Srivastava, Eckstein, and Wang previously demonstrated in 2024 that CNNs, containing between 200,000 and 1 million neurons, exhibited hallmarks of human covert attention when presented with target detection tasks. This occurred even without a built-in mechanism for directing attention. This earlier work showed that covert attention could emerge as a property of an artificial or biological organism learning to optimize target detection.

The current study delves deeper, investigating how these emergent neuronal mechanisms within CNNs give rise to the behavioral characteristics of covert attention. Researchers sought to understand what aspects of the CNN make this emergent covert attention possible.

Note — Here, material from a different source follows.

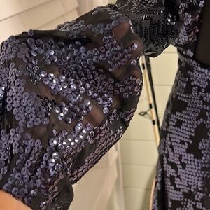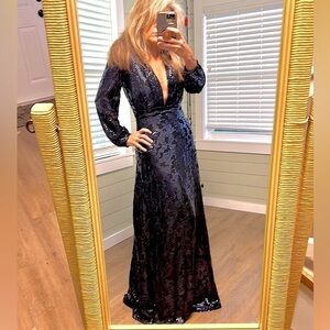 Rubber Ducky Productions, Small,Heavily Sequined,gorgeous navy blue with black, semi-sheer sleeves formal dress with an incredibly sexy elongated v-neck, open back and is lined. #instafashion · #instatravel · #instalifestyle · #instalove · #fashion · #lifestyle · #luxury

Eckstein explained that they analyzed the convolutional neural networks in detail, rather than treating them as a black box. While single-cell physiology allows researchers to record activity from thousands of individual neurons, characterizing every unit in a million-neuron brain is currently impossible. That said, the reality is a bit more complicated. CNNs offer the opportunity to characterize every single unit, potentially guiding our understanding of real neurons in the brain.

The researchers subjected a population of 1.8 million artificial neurons (180k neuronal units across 10 trained CNNs) to a Posner cueing task. This visual test measures the speed and accuracy with which participants detect a target when it appears with or without a cue.

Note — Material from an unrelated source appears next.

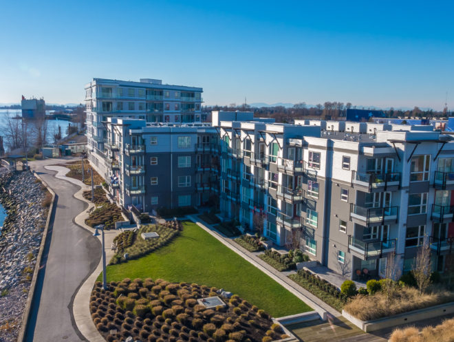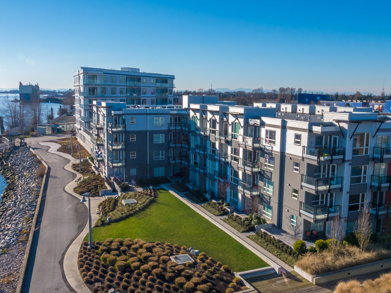 Riverport Flats is optimally located in beautiful Richmond, BC. Two newer signature rental buildings, R5 & R4, are perched at the waterfront immediately next door to a vast array of recreation, entertainment and leisure facilities at the Riverport Sports and Entertainment Complex. There is convenient transit service and a full range of shopping choices just a couple of minutes away at Ironwood Plaza and Coppersmith Place. Tenants also enjoy the alluring appeal of the rural environment surrounding Riverport Flats and the convenience of cycling Richmond’s agricultural back roads. A stroll along the waterfront promenade leads to an even more serene trail through one of Richmond’s waterfront nature preserves.

Their findings revealed CNN units that mirrored those reported by neurophysiologists in primate and mouse brains, despite lacking any built-in attention mechanism. Notably, they identified several CNN "neuron" types with previously unreported response properties. For example, while most studies focus on how neurons are excited by attention, the researchers found units in the CNN whose response was diminished by the presence of the cue, termed "cue inhibitory."

Eckstein highlighted the most surprising finding: a "location opponent" neuron. This type of neuron is excitatory, increasing activity when the target and cue are present at one location, while suppressing activity at other locations. This effectively amplifies the signal where the target is expected and dampens it elsewhere. While this opponency is new to the understanding of covert attention, such cells are common in other areas of vision. Examples include cells excited by red light but inhibited by green (color opponent) and neurons responding to upward motion while being inhibited by downward motion.

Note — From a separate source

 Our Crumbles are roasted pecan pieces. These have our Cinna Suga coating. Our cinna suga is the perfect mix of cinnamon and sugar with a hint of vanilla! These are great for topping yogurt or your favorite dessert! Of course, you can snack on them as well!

Eckstein explained that it’s a push-pull mechanism. He added that studies often focus on excitatory responses, where neurons increase activity, potentially overlooking mechanisms that dampen activity.

To determine if the CNNs corresponded to real biological neurons, the researchers examined neural data from mouse studies involving a cueing task. They confirmed the existence of these location-opposing neurons in the mouse superior colliculus (a midbrain structure), along with other previously unreported neuron types implicated in attention, such as cue-inhibitory and location-summation neurons.

Eckstein suggested that these neurons might mediate emergent attentional behavior.

Interestingly, one neuron type present in the CNN, which combines opponency for the cue but excitatory summation for the target at both locations, was not found in the mouse. This suggests potential biological constraints not present in the AI model.

The extent to which these findings apply to humans remains to be seen, as the research is still in its early stages. That said, the reality is a bit more complicated. this work demonstrates that covert attention is more complex than previously understood. The researchers have not only shown the existence of emergent attentional behaviors but also emergent neural mechanisms. Furthermore, CNNs can predict neural types with unique properties that have not been previously reported.

Srivastava stated that the findings fundamentally changed how they think about attention, and that they will see how these new concepts evolve over time.

Eckstein and Wang are leading UCSB’s Mind & Machine Intelligence Initiative, which was made possible by a gift from Duncan and Suzanne Mellichamp. They are deeply interested in the intersection of human and machine intelligence, and the initiative brings together researchers working at the intersection of AI and the study of the mind.